Solar electric sailing

German yacht design and engineering studio iYacht GmbH unveiled a 55-foot solar-electric sailing catamaran called the Hu’chu 55. Its makers describe it as “without a doubt one of the most sustainable and compelling challenges undertaken so far.” Built from over 90% scrap metal, this vessel offers an admirable design lesson in circularity.

iYacht GmbH is a German yacht design studio with offices in Hamburg and Kiel, led by CEO Udo A. Hafner. Over the last twenty years, iYacht’s team of 11 engineers, designers, and naval architects has completed over 400 marine projects, from initial design sketches to “Conformite Europeenne” (CE) marking.

For its latest project, iYacht was commissioned by actor, producer, and environmental entrepreneur Daniel Roesner to develop a solar electric sailing catamaran designed, first and foremost, with circularity in mind. The result is the Hu’Chu 55 – a project iYacht’s CEO described as one of its most ambitious to date:

We have designed and engineered a dozen multihulls in recent years, but the Hu’chu 55 represents a significant leap forward in terms of sustainability and circularity.

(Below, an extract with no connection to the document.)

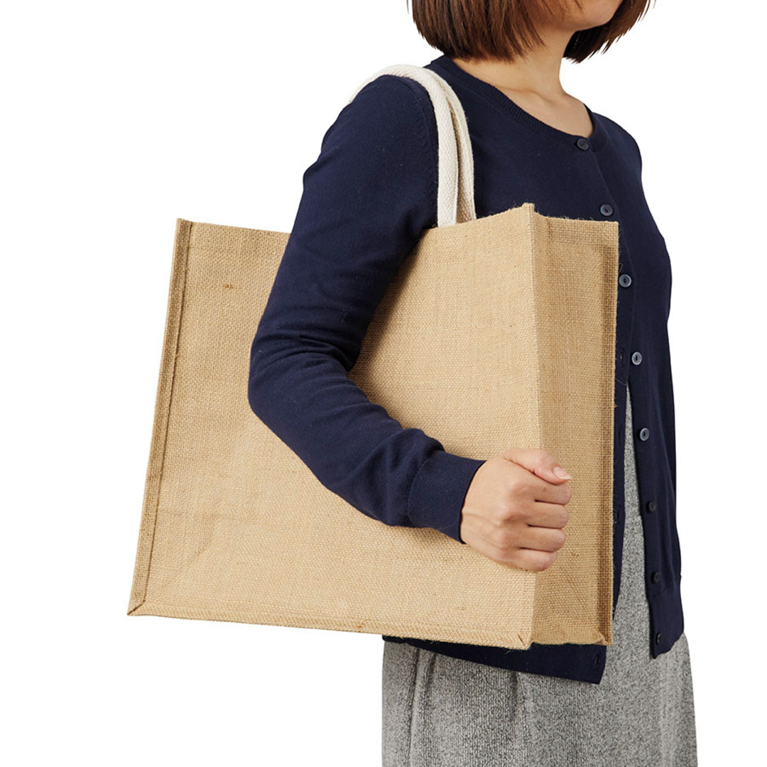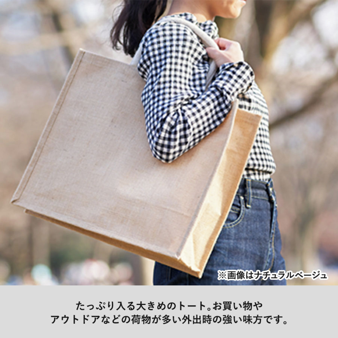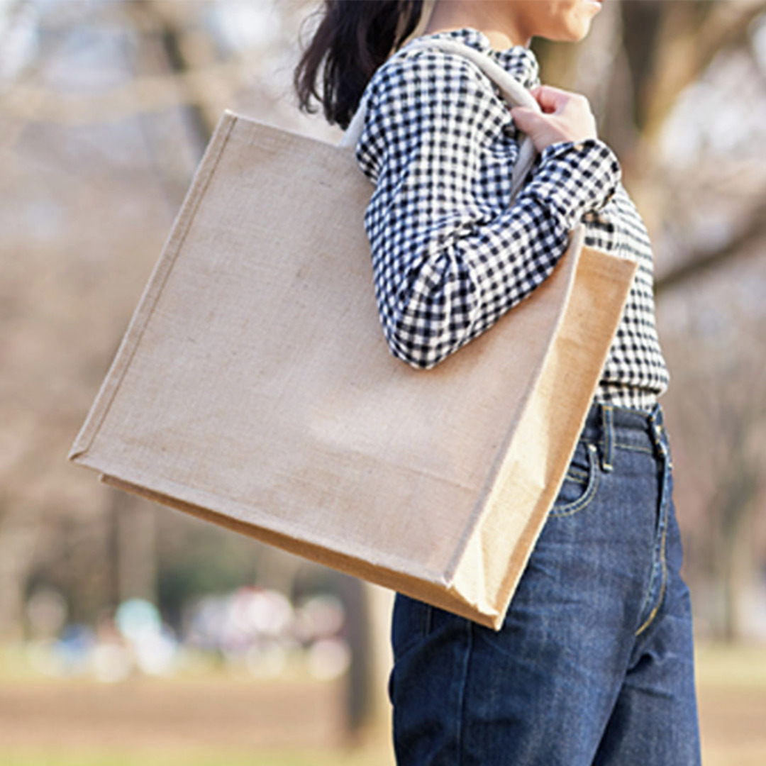 ジュートスクエアトート(L)は麻の一種であるジュート生地が使用されたLサイズのバッグです。

Daniel had a very ambitious vision, and we guided him in turning it into a feasible project.

iYacht brought all hands on deck from both its design offices to bring Roesner’s vision to life, utilizing a unique recycled aluminum developed explicitly for the Hu’Chu 55.

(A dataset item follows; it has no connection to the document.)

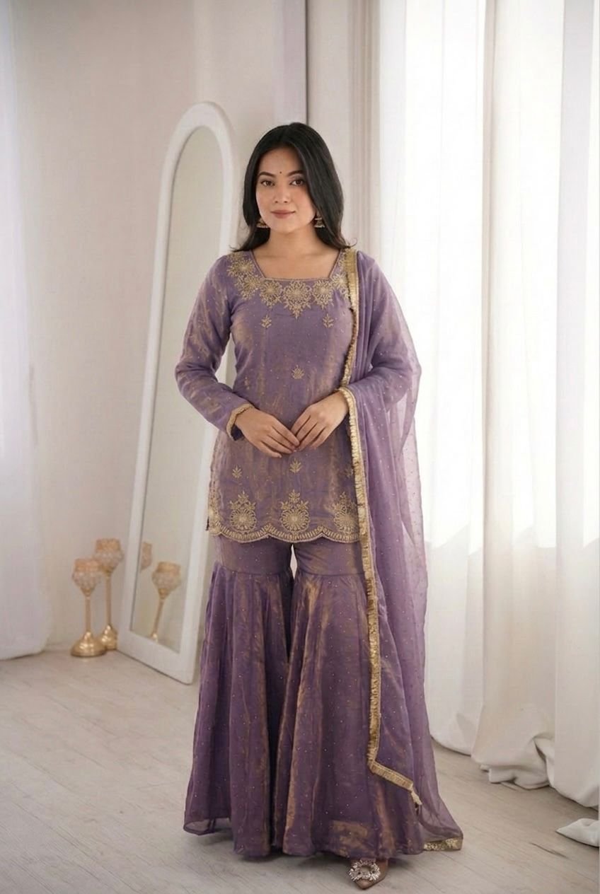 * Design: Embroidery Sequence Work With Zarkan Diamond Work
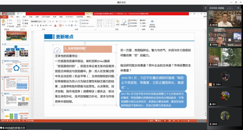 王茂福教授对上述研究中“就业减贫与创业减贫之间的辩证关系”“底层如何创造社会财富”等观点表示赞同,并就部分疑问与发言人进行了进一步交流讨论。

Hu’Chu 55 solar electric sailing vessel is ultra-sustainable

According to iYacht, the Hu’Chu 55 was built using recycled and recyclable materials, including aluminum, developed by the actor/ catamaran owner with the help of a major aluminum manufacturer. The material comprises over 90 % aluminum scrap from discarded license plates, road signs, cosmetic cans, and automotive and construction manufacturing, without a single kilogram of primary metal.

The result is a solar electric sailing catamaran built from material that’s one-eighth of the market’s average footprint in CO2 emissions. Roesner also requested that other sustainable materials, including natural fibers, reclaimed wood, and recycled cork, be incorporated throughout the vessel.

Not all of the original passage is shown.